Yesterday I had my first and last Bikram yoga class. I'd had my doubts about the style, since I don't really do well with heat, but I allowed myself to be seduced by a very good deal. For me it turned out to be not such a good deal after all.
Bikram is otherwise known as hot yoga. The classes are held in a room that's heated to 40C (100-105F). If it's not hot, it's not Bikram. The theory is that the heat allows students to stretch more deeply, that it helps prevent injury, and that it helps with stress and tension release. Hum. Right. The very best yoga teacher I ever had said a couple of things that I find I now agree with completely. What the heat is more likely to do is allow a person to overextend themselves. If you force your body to do something before it is really ready, you achieve nothing. Also, in a good yoga practice, your body generates its own internal heat. External heat is unnecessary.
A Bikram yoga session consists of two breathing exercises and twenty-six asanas. It's the same two and twenty-six in the same order every time. No allowance is made for varying things based on your needs at the moment. There are days when I feel like all I want to do is spinal twists. Other days I need some extra energy and a set of sun salutations is just right. If I had to do the exact same asanas day in and day out, I would not be doing yoga.

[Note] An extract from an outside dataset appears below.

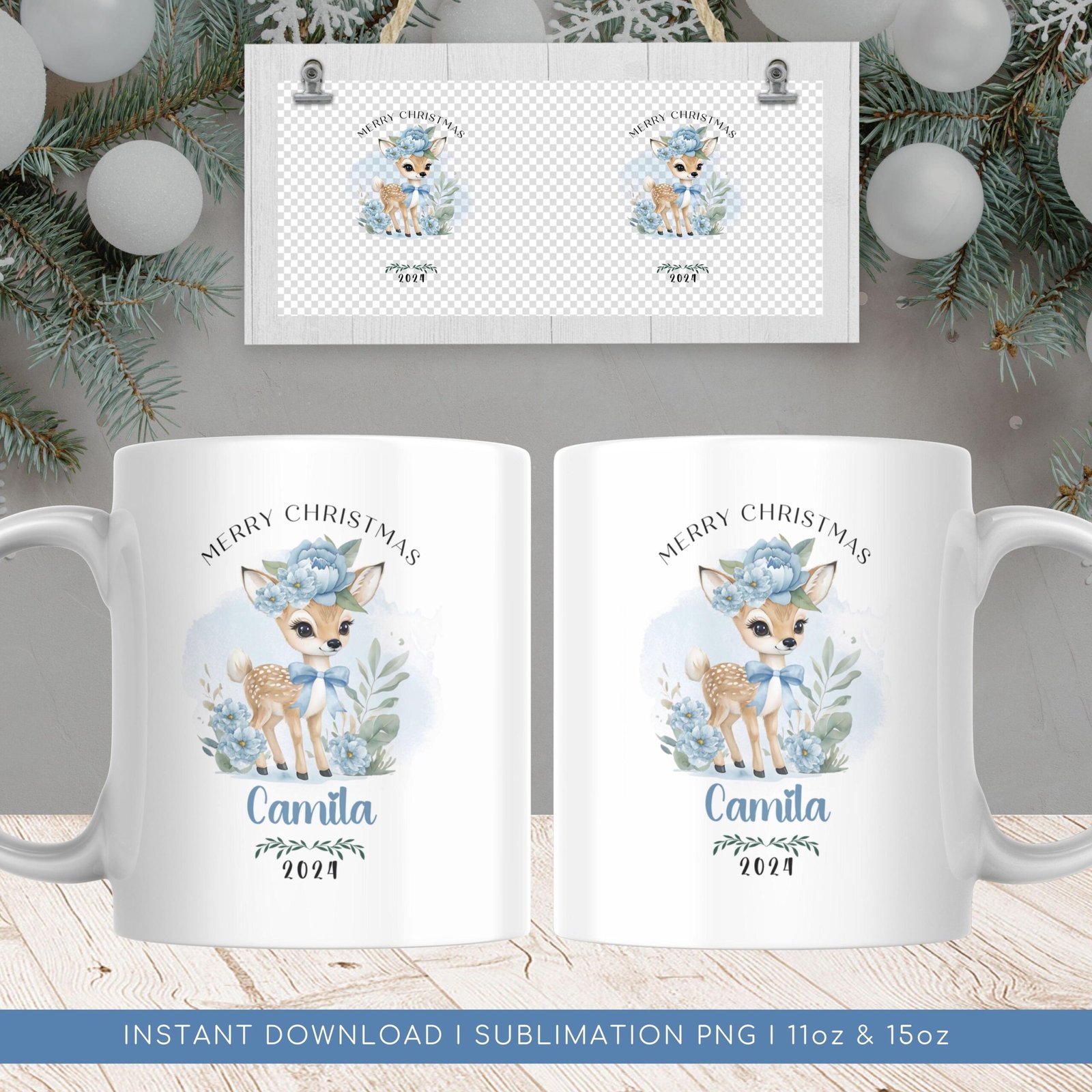 Personalized Christmas Deer Mug PNG, Xmas Custom Name PNG Mug, Christmas Sublimation Mug, Transfer Wrap Mug Template, Instant Download.

Other aspects of the class turned me off, but I don't know if they're Bikram specific or just bad luck with that studio. The instructor talked constantly. It was like listening to an auctioneer turned drill sergeant. She talked about meditation, but there was definitely no meditative feel to the class. It was more like a yoga-robics class. She also spoke of how anyone who came in and did a Bikram class six days a week for a month would change their lives for the better. Maybe so. But I would be willing to bet that you could say that of pretty nearly any sort of exercise. Commit and DO it every day for a month and, unless you've chosen competitive shuffleboard or something, you'll see changes for the better. This would be particularly the case if you choose some sort of mind-body exercise--yoga, martial arts, qi gong....
At the end of a good yoga session, your body should feel USED. It should feel as though every single muscle in your body has been stretched and worked. Your joints should feel loose and warm. You should sleep well. After yesterday's session, I had a bad headache, lots of lovely nausea (to the extent that I could neither eat nor drink for quite some while) and I haven't slept so poorly in a very long time.
I guess I'll get back to my search for a good yoga teacher here in the 'Couv. I want someone who teaches Vinyasa yoga, who is calm and centered in themselves and in their teaching, who doesn't over-instruct or put me to sleep. There must be one somewhere in town.